Give the listing again word for word, excluding the pictures it contains.

* **Data to use**:
###

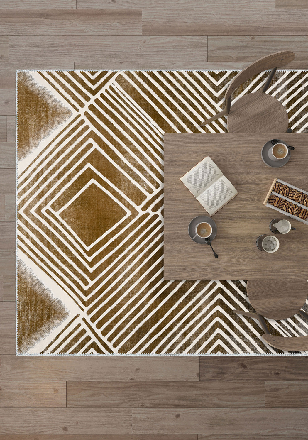 • Eclectic & Transitional: The warm earthy tones and geometric pattern make this rug versatile enough to blend into eclectic and transitional spaces, adding character and depth.
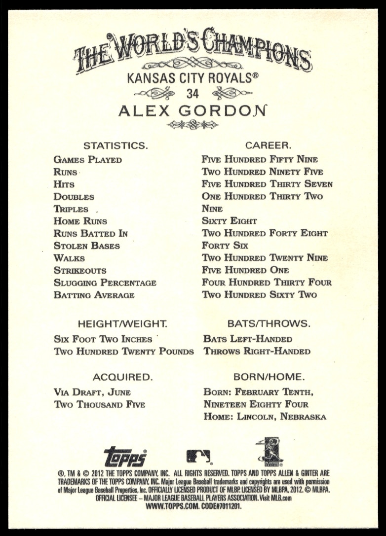 This Baseball card, from 2012 is part of the Topps Allen & Ginter card set. Alex Gordon is featured and has a card number of 34.
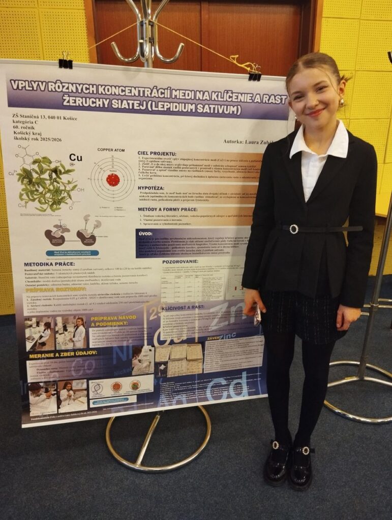 • Laura Zubáková (8. ročník): V posterovej časti súťaže suverénne obsadila 1. miesto. Svojím precíznym spracovaním témy si vybojovala zaslúžený postup do krajského kola.
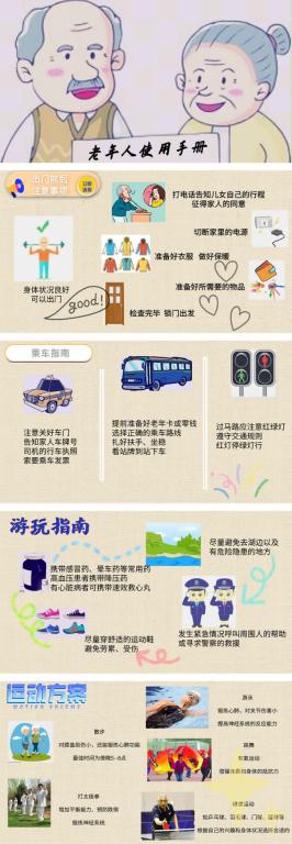 2018级新闻一班贾宁同学的投稿作品色彩鲜艳,符合老年人审美标准。作品从“出门前后注意事项”、“乘车指南”、“游玩指南”、“运动方案”四个部分为老年人提出了生活建议,图文结合,简洁明了。
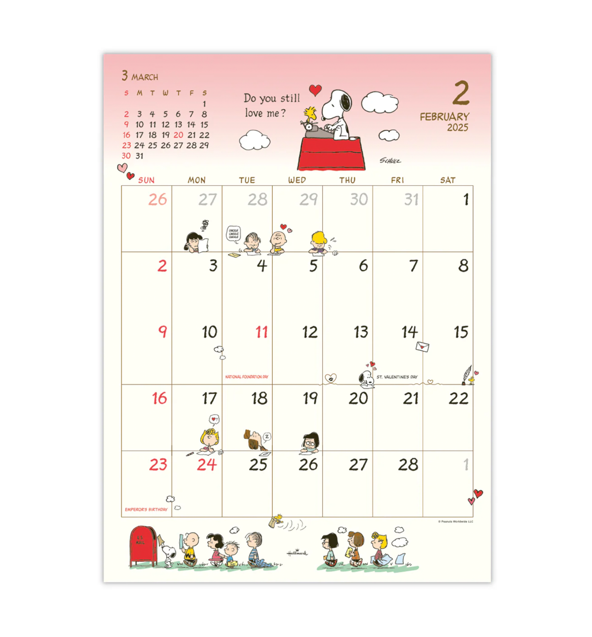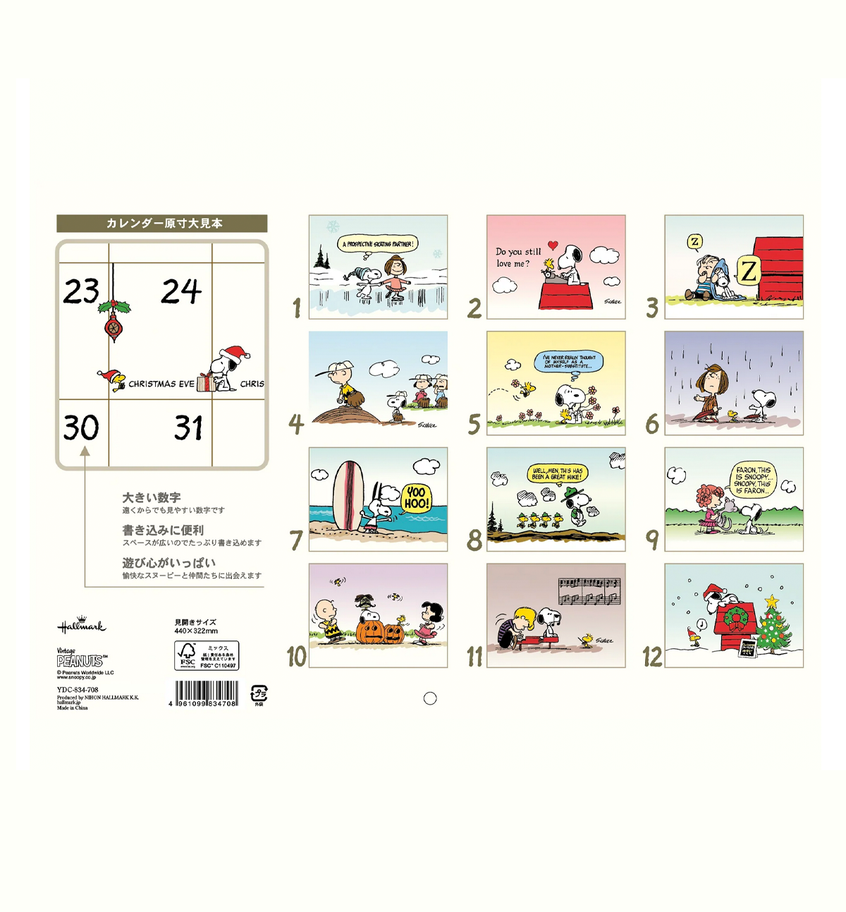 Cute design with Snoopy and red post. A bi-fold calendar that can be folded compactly. When unfolded, it can be used as a wall an easy-to-read design with a large date.
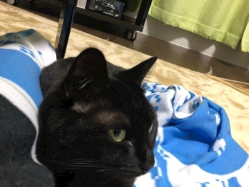 起きたら黒猫が膝に乗って寝てた。

###

* **Written reply**:
 • Eclectic & Transitional: The warm earthy tones and geometric pattern make this rug versatile enough to blend into eclectic and transitional spaces, adding character and depth.
 This Baseball card, from 2012 is part of the Topps Allen & Ginter card set. Alex Gordon is featured and has a card number of 34.
 • Laura Zubáková (8. ročník): V posterovej časti súťaže suverénne obsadila 1. miesto. Svojím precíznym spracovaním témy si vybojovala zaslúžený postup do krajského kola.
 2018级新闻一班贾宁同学的投稿作品色彩鲜艳,符合老年人审美标准。作品从“出门前后注意事项”、“乘车指南”、“游玩指南”、“运动方案”四个部分为老年人提出了生活建议,图文结合,简洁明了。
 Cute design with Snoopy and red post. A bi-fold calendar that can be folded compactly. When unfolded, it can be used as a wall an easy-to-read design with a large date.
 起きたら黒猫が膝に乗って寝てた。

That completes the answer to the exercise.